The weights of the base model (DBRX Base) and fine-tuned model (DBRX Instruct) are available on Hugging Face under an open license. Starting today, DBRX is accessible to Databricks customers via API, and Databricks customers can pre-train their own DBRX-like models from scratch or continue training using one of our checkpoints, employing the same tools and scientific methods we used to build the model. DBRX has already been integrated into our GenAI-powered products, where early versions have surpassed GPT-3.5 Turbo in applications such as SQL and are competing with GPT-4 Turbo. It is also a leading model in RAG tasks among open models and GPT-3.5 Turbo.
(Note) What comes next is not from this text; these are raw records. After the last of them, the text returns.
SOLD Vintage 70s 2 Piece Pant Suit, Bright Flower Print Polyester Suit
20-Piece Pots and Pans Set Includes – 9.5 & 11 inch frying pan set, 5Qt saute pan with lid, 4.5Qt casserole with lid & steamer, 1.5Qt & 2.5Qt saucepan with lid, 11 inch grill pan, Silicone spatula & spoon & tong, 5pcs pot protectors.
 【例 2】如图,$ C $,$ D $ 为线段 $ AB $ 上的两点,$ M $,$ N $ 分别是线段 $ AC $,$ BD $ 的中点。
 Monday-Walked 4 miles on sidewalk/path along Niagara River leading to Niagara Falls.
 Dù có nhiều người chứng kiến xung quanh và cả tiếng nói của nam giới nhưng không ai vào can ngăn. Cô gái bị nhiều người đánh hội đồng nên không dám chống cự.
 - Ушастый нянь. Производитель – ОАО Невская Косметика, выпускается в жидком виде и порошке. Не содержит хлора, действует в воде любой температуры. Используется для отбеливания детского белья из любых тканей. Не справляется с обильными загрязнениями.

Training mixture of experts models is challenging. We had to overcome various scientific and performance challenges to build a robust pipeline capable of repeatedly training DBRX-like models efficiently. Now that we have achieved this, we possess a unique training stack that allows any enterprise to train world-class MoE base models from scratch. We look forward to sharing this capability with our customers and sharing our lessons learned with the community.
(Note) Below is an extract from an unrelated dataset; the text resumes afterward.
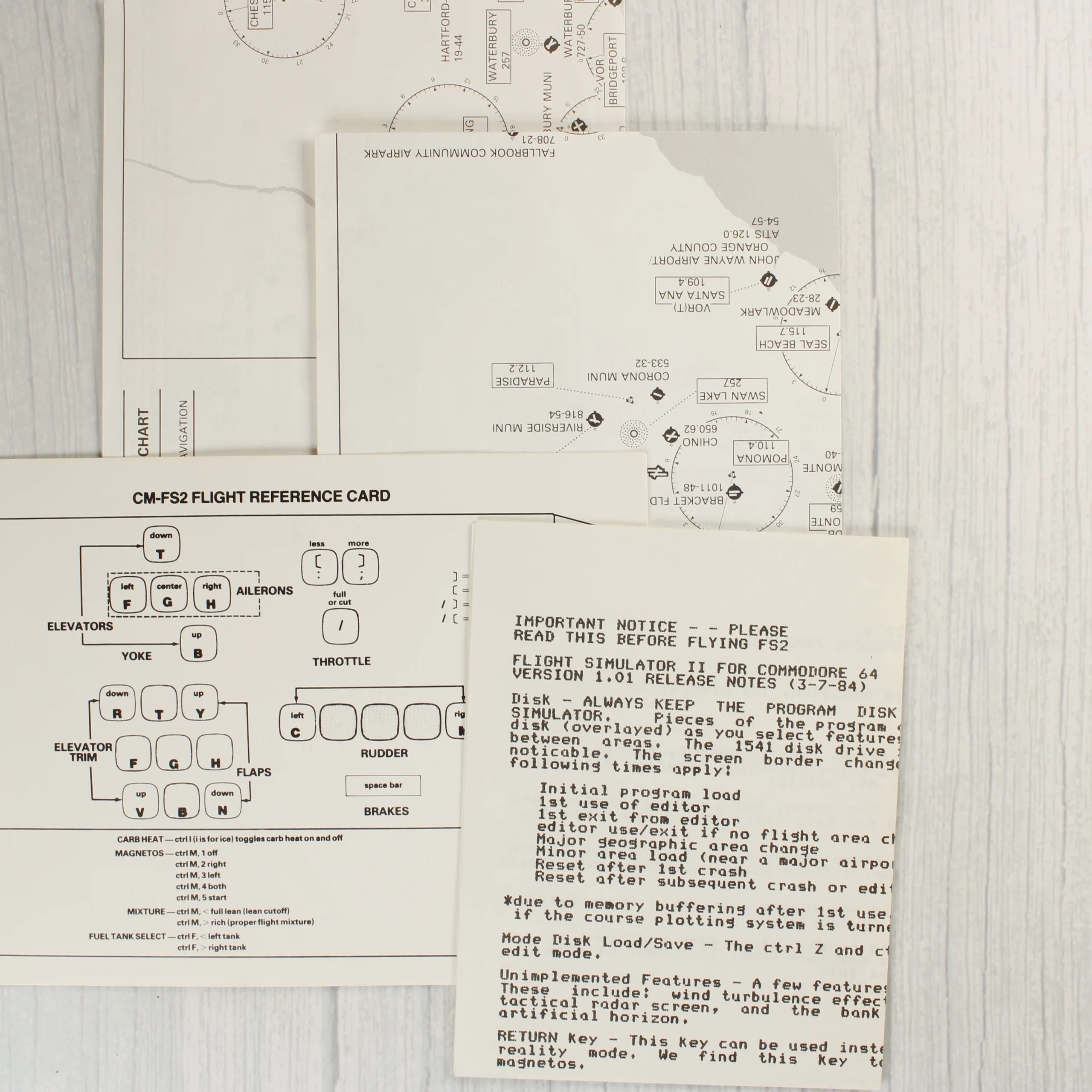 Flight Simulator II, Commodore 64, C64, subLOGIC, retro játék, szimulátor, floppy lemez, Bruce Artwick
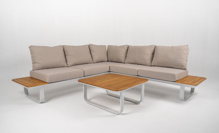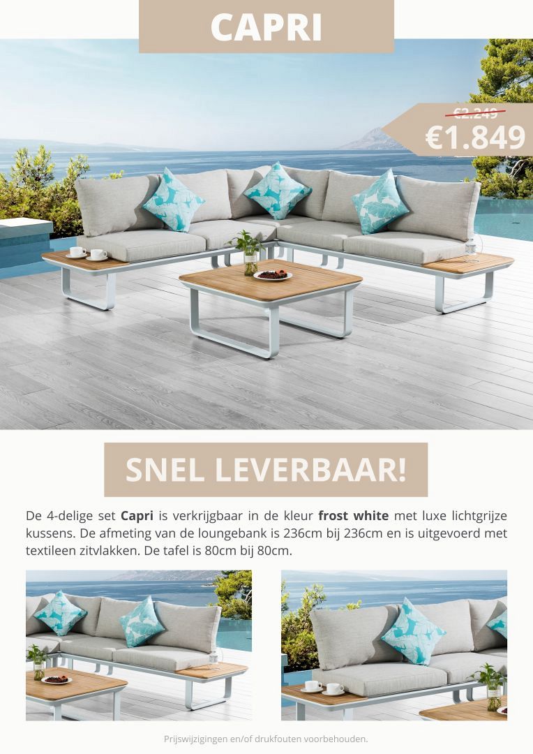 De geronde kanten van de Capri te samen met de teakhouten delen zorgen voor een tijdloze en luxe uitstraling. Waar de textileen zittingen en de 12cm kussens zorgen voor een prettig zitcomfort.Specificaties

Download DBRX from Hugging Face (DBRX Base, DBRX Instruct), try DBRX Instruct in our HF Space, or check out our model repository on GitHub: databricks/dbrx.

What is DBRX?¶

DBRX is a transformer-based decoder-only large language model (LLM) trained using next-token prediction. It employs a fine-grained mixture of experts (MoE) architecture, with a total of 132 billion parameters, of which 36 billion parameters are active for any input. It has been pre-trained on 12 trillion tokens of text and code data. Compared to other open MoE models like Mixtral and Grok-1, DBRX is fine-grained, meaning it uses a larger number of smaller experts. DBRX has 16 experts and selects 4 of them, while Mixtral and Grok-1 have 8 experts and select 2. This provides 65 times more combinations of experts, which we found can improve model quality. DBRX uses rotary positional encoding (RoPE), gated linear units (GLU), and grouped query attention (GQA). It employs the tokenizer from GPT-4, which is available in the tiktoken repository. We made these choices based on extensive evaluations and scaling experiments.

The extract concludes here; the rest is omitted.